FIG. 3 is a cross-section of the sport device generally showing a storage compartment and a sight compartment subtended by a first and the hull, or second, transparent members;

FIG. 4 is an enlarged cross-sectional view of the sight compartment and topside portions of the sport device showing details of the connection of a shroud for preventing water from coming between a user's head and the first transparent member when the board is in use for viewing underground marine landscape and marine activity;

FIG. 5 is a cross-sectional view of the sport device taken along line 5--5 of FIG. 3;

FIG. 6 is a cross-sectional view of the sport device taken along line 6--6 of FIG. 3; and

FIG. 7 is an enlarged cross-sectional view of topside portions of the sport device proximate the first transparent member shown as an alternate embodiment for connecting the shroud.

DETAILED DESCRIPTION

Turning now to FIGS. 1 and 2, there is shown an aquatic sport device 10 in accordance with the present invention generally including a buoyant board, or paddle board, 12, having a bow 14 and a stern 16.

The paddle board 12 may be formed from any suitable structural material, such as plastic or epoxy reinforced with fiberglass, forming a skin 20 and structural portions, or webs, 22, see FIG. 3. The board 12 may be filled with foam 26 to ensure buoyancy and impart structural integrity to the paddle board 12.

The paddle board 12 may take any number of shapes or configurations, but it is important that the paddle board 12 be sized to enable a user (not shown) supported thereby to manually paddle while in a prone position on the board in order to move the buoyant board through the water. These size considerations are related to the width and length of the board and are well known in the art.
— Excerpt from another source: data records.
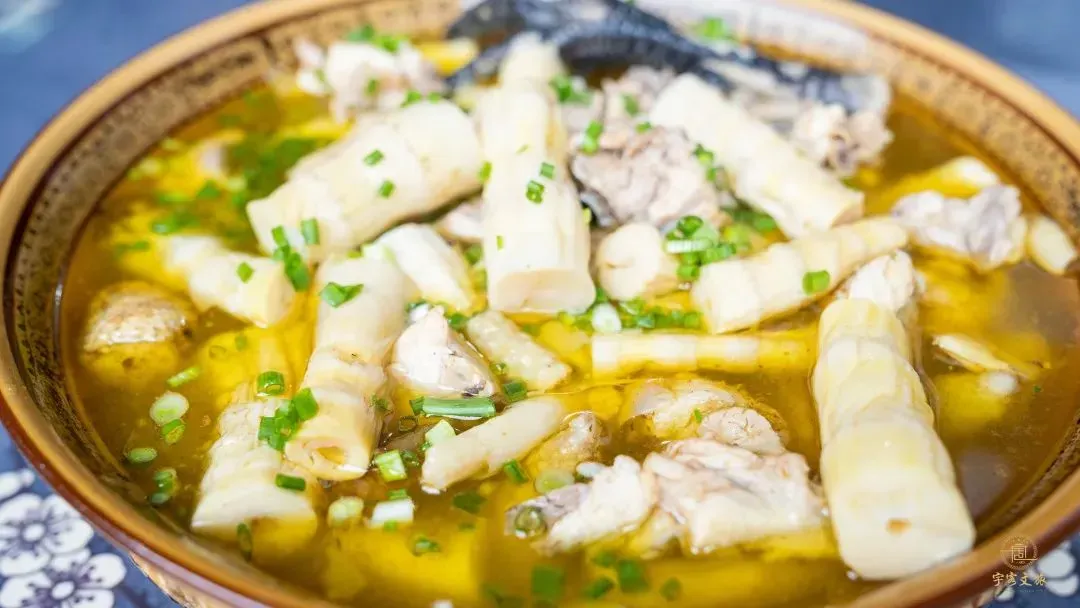 石竹笋炖土鸡:来自龙华古镇独有的高山石竹笋,与农家散养土鸡炖制而成,汤鲜味美,竹笋脆嫩爽口。
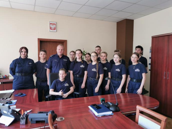 Młodzież została serdecznie przyjęta przez Komendanta Miejskiego Policji w Koninie, mł. insp. dr Mariusza Jaworskiego, który zaprosił ich do swojego gabinetu i opowiedział o swojej pracy. Na wstępie uczniowie zostali zapoznani z historią i strukturą organizacyjną Policji w Polsce, a także z codziennymi obowiązkami funkcjonariuszy. Następnie, w ramach drzwi otwartych Komendy, zorganizowano wizyty w wielu wydziałach, które miały na celu przybliżenie młodzieży specyfiki pracy w Policji. Uczniowie uczestniczyli w pokazach sprzętu policyjnego, w tym radiowozów, motocykli i specjalistycznego wyposażenia używanego podczas interwencji. Ponadto, mieli okazję zobaczyć pokaz broni, co wzbudziło ogromne zainteresowanie. Uczniowie mogli również porozmawiać z policjantem Wydziału Ruchu Drogowego, który opowiedział o zadaniach wykonywanych przez funkcjonariuszy tego wydziału.
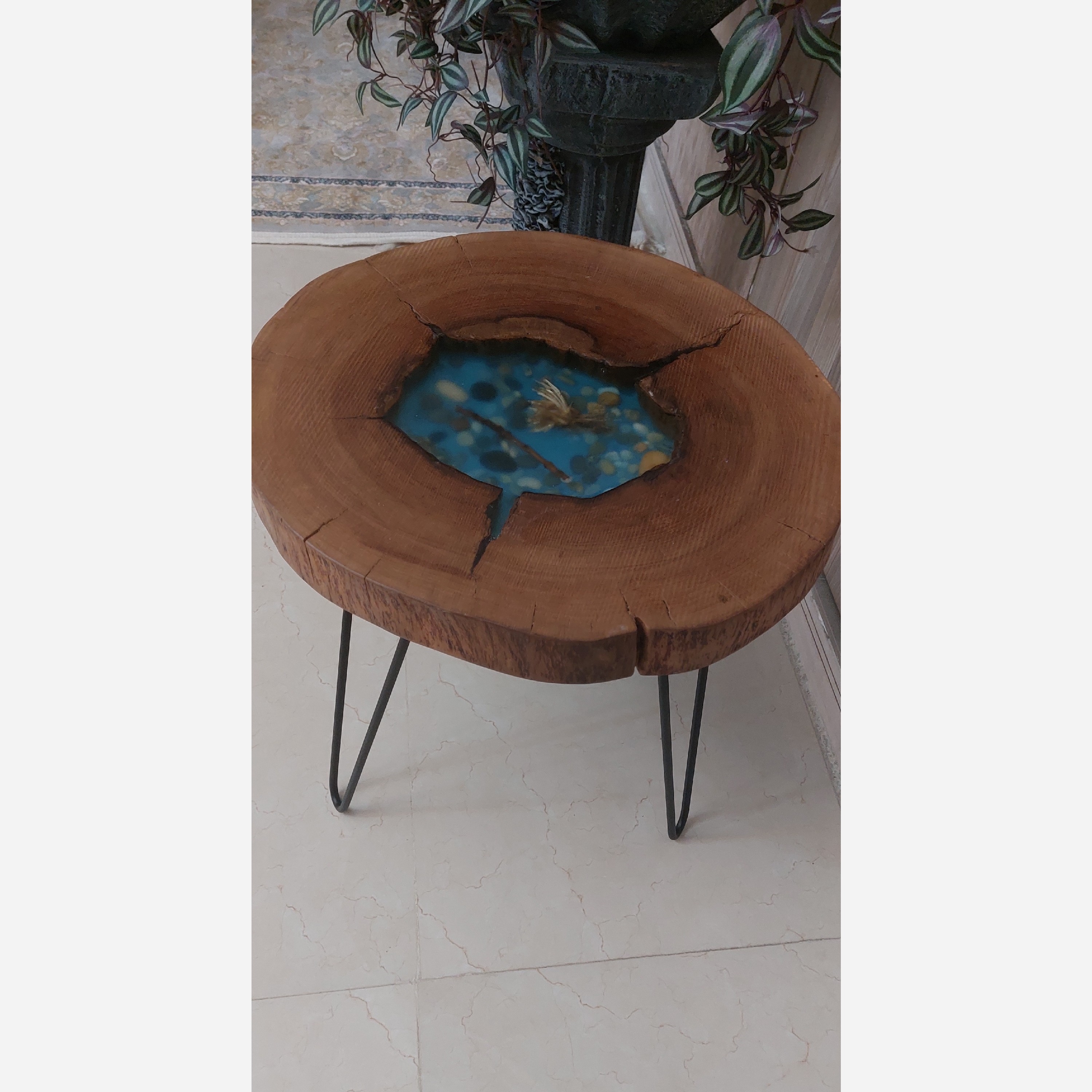 میز چوبی شیک وزیبا چوبی ورزینی پایه های میز فلزی با رنگ کوره ای ضد زنگ ارتفاع پایه ها 40 سانتی متر روی پایه ها حدود 7 سانتی متر بسیار شیک وجذاب که زیبایی خاصی به منزل شما می دهد
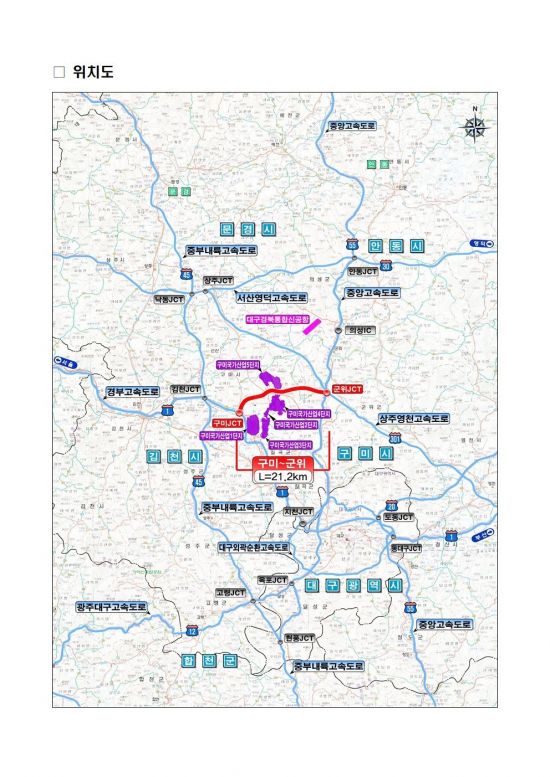 구미~군위 고속도로는 구미에서 군위군 효령면(중앙고속도로)까지 총 21.2㎞ 구간을 4차로로 신설하는 사업으로, 사업비는 약 1조5627억원 규모다. 이는 1970년 경부고속도로 이후 55년 만에 구미를 통과하여 동서를 잇는 첫 고속도로라는 점에서 의미가 크다.
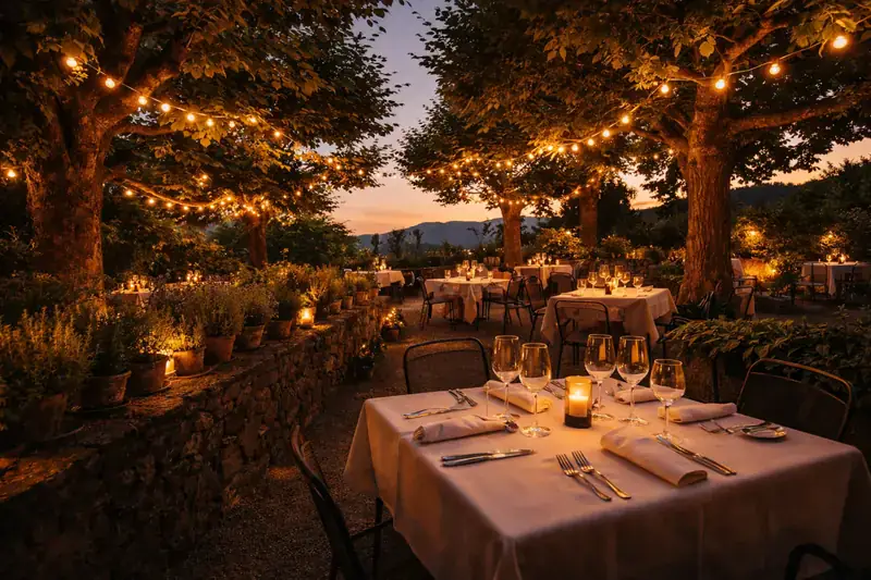 Die Terrasse ist unser Lieblingsplatz im Sommer. Warme Lichterketten, der Duft von Kräutern und ein Glas Vermentino — so schmeckt Zürich nach Italien.
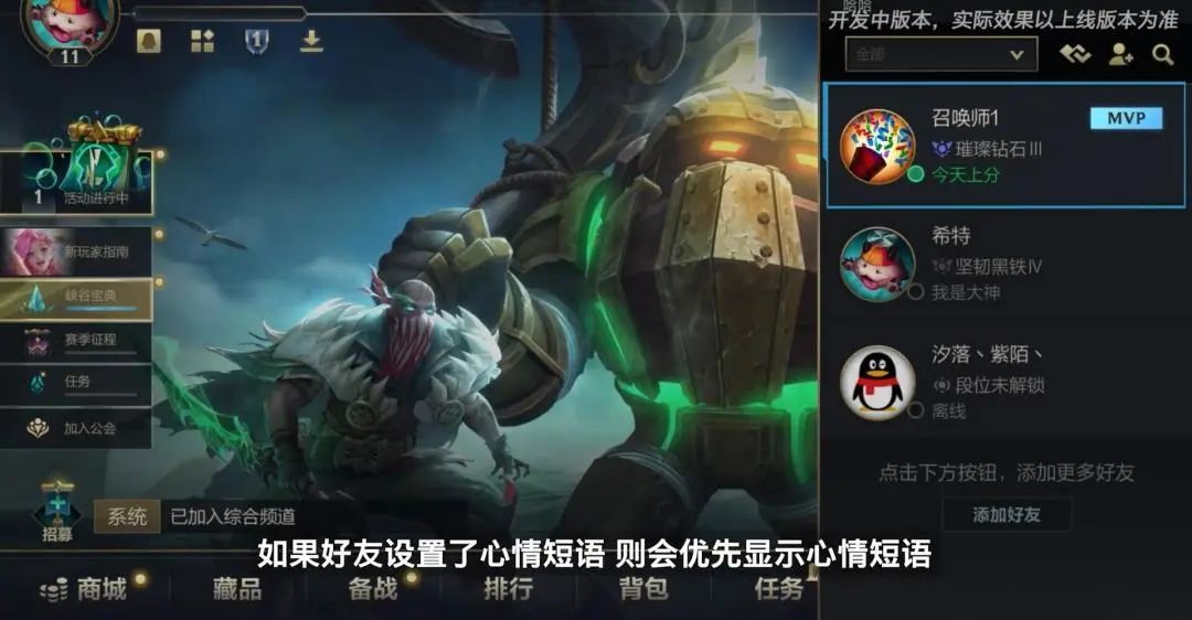 如果好友已经开始对局,召唤师们也将更清晰地掌握他们创造高光时刻的“秘诀”——他们在对局中使用的英雄将显示在好友名片的召唤师状态中。
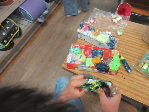 白いねんどに絵の具を混ぜ込んでカラフルねんどを作り
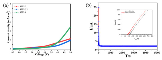 Figure 6. (a) Current density vs. voltage plot of SPE-2, SPE-2.5, and SPE-3. (b) Chronoamperometric polarization plot of the electrolyte-based symmetry Li/SPE-2.5/Li Swagelok cell at 10 mV for 5000 s (inset exhibits the Nyquist curves of the cell before and after polarization).
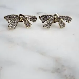 Add a touch of elegance with these stunning gold plated bow earrings and zircon Perfect for any occasion.
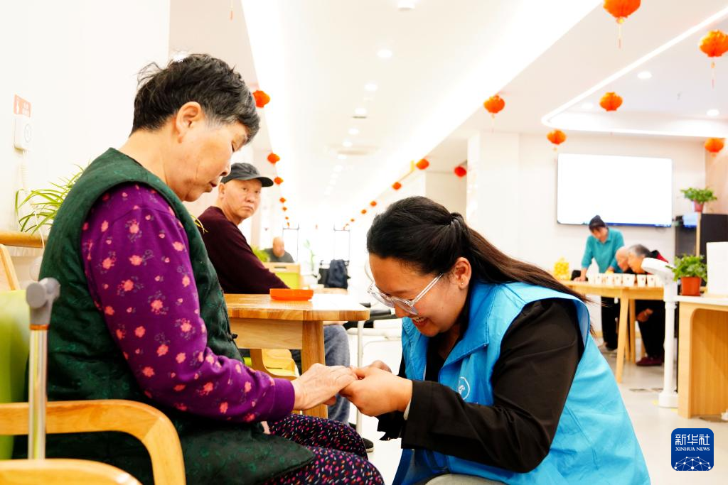 4月14日,在菏泽市巨野县凤凰社区党群服务中心居家养老服务中心,工作人员在帮老人剪指甲。
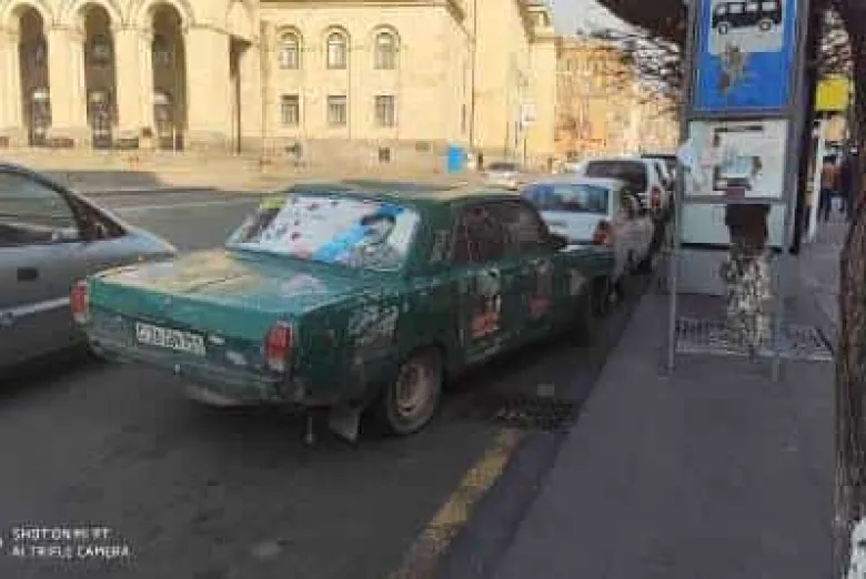 Մեքենայի ապակիներին ՀՀԿ-ականների նկարներ են՝ վրաները խաչ քաշած ու գրած՝ «ազգի դավաճան»։ Հետեւի ապակուն Նիկոլ Փաշինյանն է՝ հեղափոխական լոզունգներով։

Formed into the board is a sealable storage compartment 34 with a lid 36 fitted to topside portions 40 of the paddle board 12 in order to prevent water from entering the compartment, as is well known in the art.

The compartment 34 is sized to accommodate paddle board accessories, such as a wet suit. This provides the aquatic sports device 10 with the advantage that all of the user's equipment may be carried within the paddle board 12 itself, thus facilitating movement of the board to and from marine areas.

Optionally, water-tight compartments, or pockets, 44, may be provided for the storage of small articles, such as watches, coin purses, and the like, to provide ready access to these items, or to provide water-tight protection therefor if the compartment 34 is not provided with the water-tight lid 36.

The pockets 44 may be molded into topside portions 40 of the board 12 and provided with a screw-in cap 46, as is well known in the art.

The topside portion 40 defining a top 50 of a sight opening, or compartment, 52, extending through the board 12 from a first side, or top, 56 of the board to a second side, or hull, 58, of the buoyant board 12.

As shown in FIGS. 4 and 5, an optical system 60, includes a first transparent member 62 supported by the topside portion 56 and a second, or hull, transparent member 64, flush-mounted with the hull, 58, at a bottom 68 of the sight compartment 52. Best shown in FIG. 3, the optical system provides a viewing area from the buoyant board 12 second side, or hull, 58, which is larger than the size of the opening 70 in the topside portion of 56 of the board 12.

Turning to FIGS. 4, 6 and 7, the topside portion, 56, may include a neck, 74, or a recess, 76 (see FIG. 7 for an alternative embodiment of the present invention) into which the first transparent member is fixed by conventional methods, such as gluing, or the like. A boot, or shroud, 80 formed from a suitable flexible material, such as plastic, sythetic rubber, or the like, may be removably attached by means of a band 82 extending around the shroud and onto the neck 74, as shown in FIGS. 4, 5 and 6, or alternatively as shown in FIG. 7, secured to an inside wall 86 by means of an inside spring 88.

The shroud 80 may have waterproof front 90 and sides, 92 and an open back, with a circumferential lip 98 for engaging a user's head and thereby operative for substantially eliminating the entry of light and water between the user's head and the buoyant board first transparent member 62. In this manner, the user is not distracted by overhead daylight, or water, which may splash over the topside 56 of the board and strike the first transparent member 62, causing a blurry vision through the sight compartment 52. However, water which may strike the first transparent member 62 when the user's head is not engaging the shroud is drained from the first transparent 62 by drainholes 102 (see FIG. 6), alternatively, a runoff area 104 (FIG. 7).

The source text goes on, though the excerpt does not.